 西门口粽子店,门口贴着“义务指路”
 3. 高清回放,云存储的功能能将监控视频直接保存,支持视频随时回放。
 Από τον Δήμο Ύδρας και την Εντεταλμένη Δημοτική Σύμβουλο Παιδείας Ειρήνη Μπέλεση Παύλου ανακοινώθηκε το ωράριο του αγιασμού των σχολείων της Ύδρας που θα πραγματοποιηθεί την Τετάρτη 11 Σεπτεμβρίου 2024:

━━━━━━━━━━

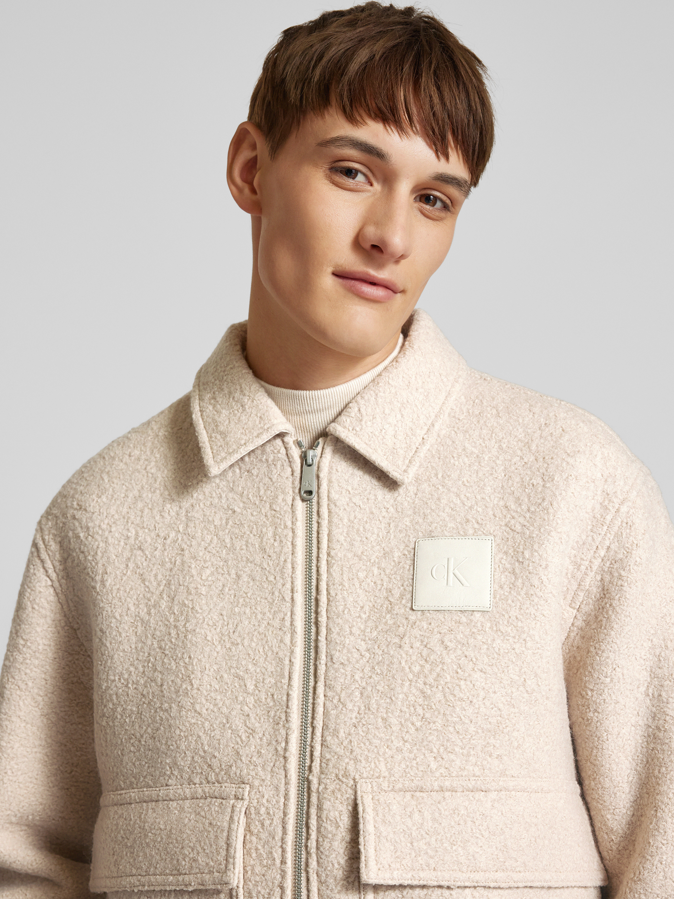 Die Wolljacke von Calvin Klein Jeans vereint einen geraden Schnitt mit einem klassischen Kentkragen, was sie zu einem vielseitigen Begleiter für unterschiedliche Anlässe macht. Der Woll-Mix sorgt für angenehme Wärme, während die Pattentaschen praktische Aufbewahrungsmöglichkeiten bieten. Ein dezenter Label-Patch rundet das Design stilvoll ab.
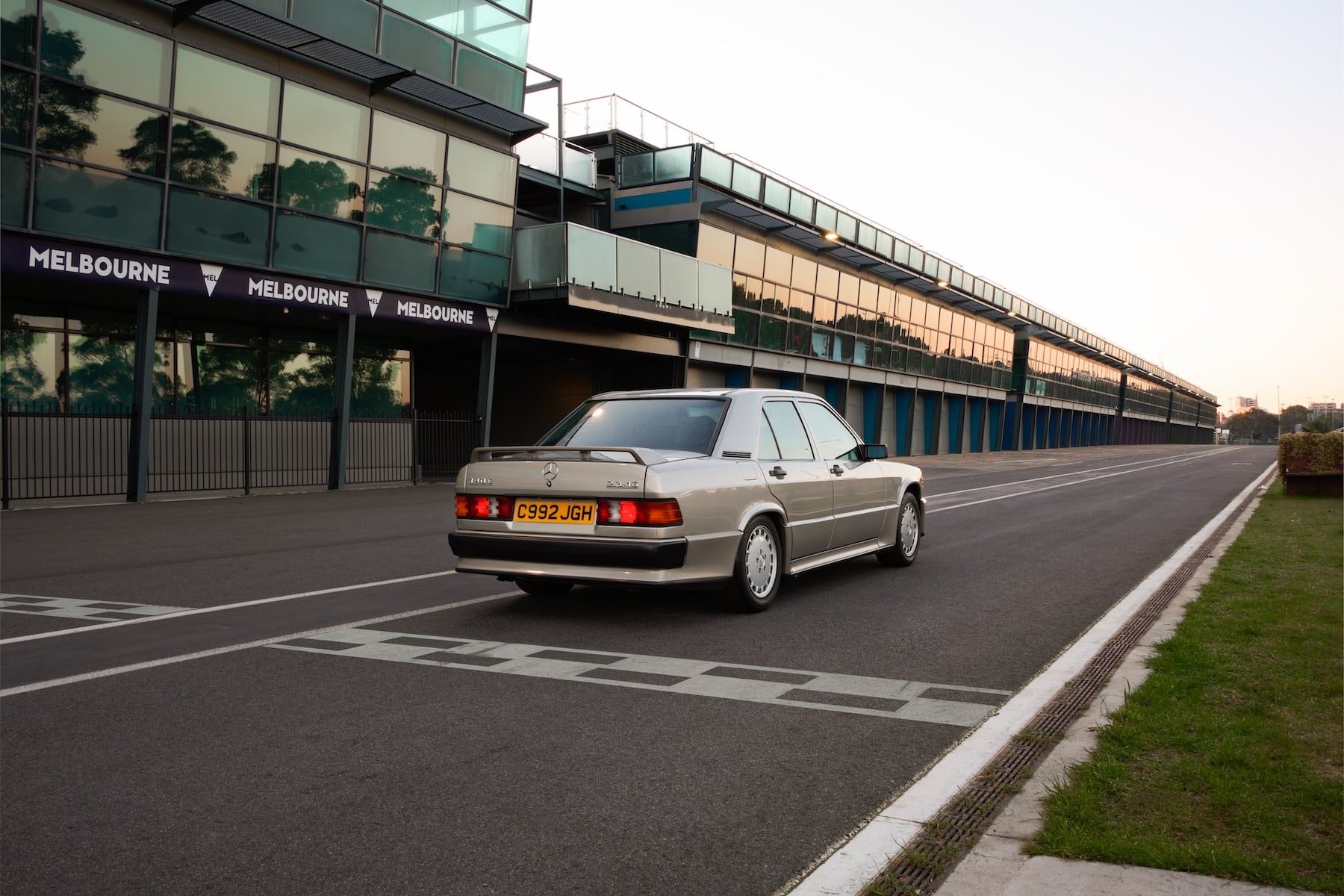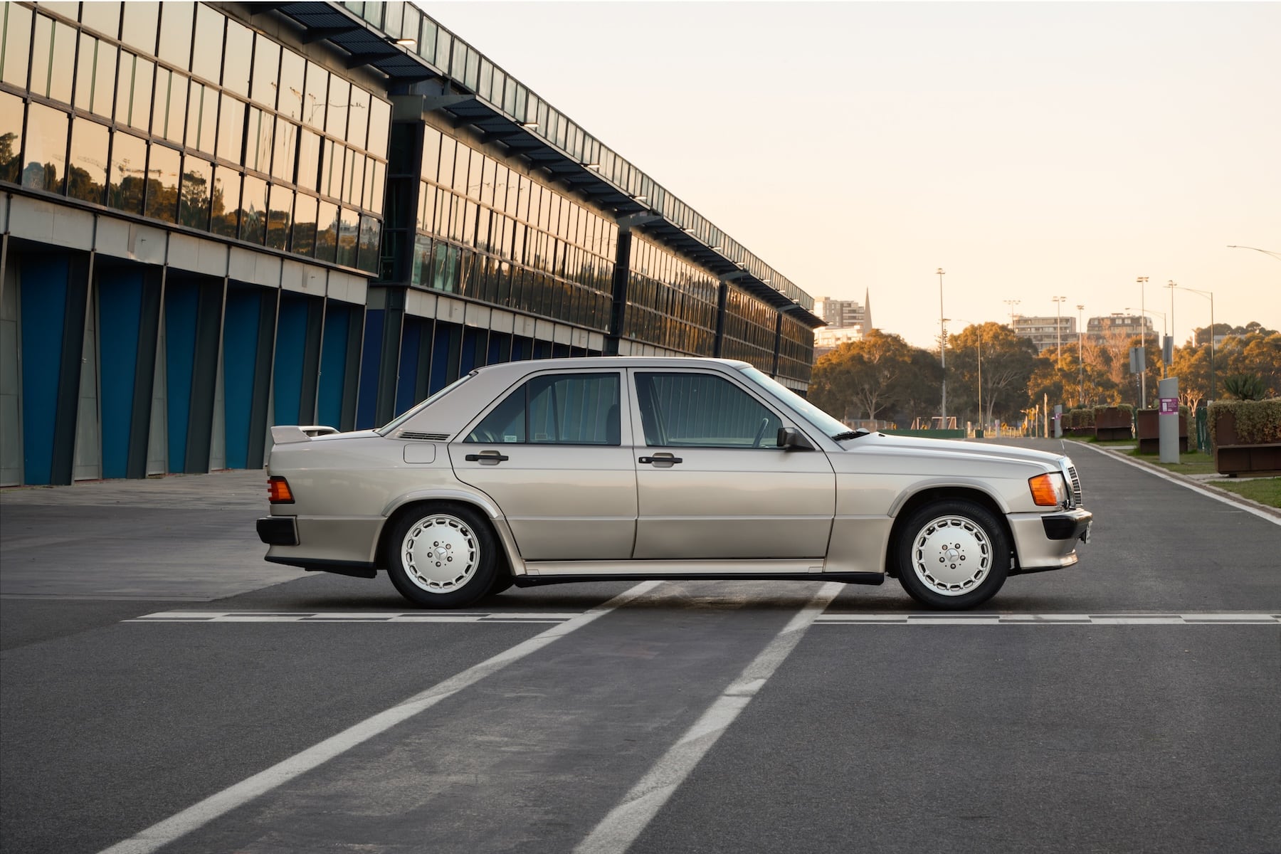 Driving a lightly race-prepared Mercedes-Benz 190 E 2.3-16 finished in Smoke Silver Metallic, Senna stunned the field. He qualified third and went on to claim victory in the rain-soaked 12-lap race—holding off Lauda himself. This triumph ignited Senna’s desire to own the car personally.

━━━━━━━━━━

* What you will do *
Copy the lines above exactly. Start with the line containing "3. 高清回放,云存储的功能能将监控视频直接保存,支持视频随时回放。", end with the line containing "Από τον Δήμο", and include both.

* Answer to this exercise *
 3. 高清回放,云存储的功能能将监控视频直接保存,支持视频随时回放。
 Από τον Δήμο Ύδρας και την Εντεταλμένη Δημοτική Σύμβουλο Παιδείας Ειρήνη Μπέλεση Παύλου ανακοινώθηκε το ωράριο του αγιασμού των σχολείων της Ύδρας που θα πραγματοποιηθεί την Τετάρτη 11 Σεπτεμβρίου 2024:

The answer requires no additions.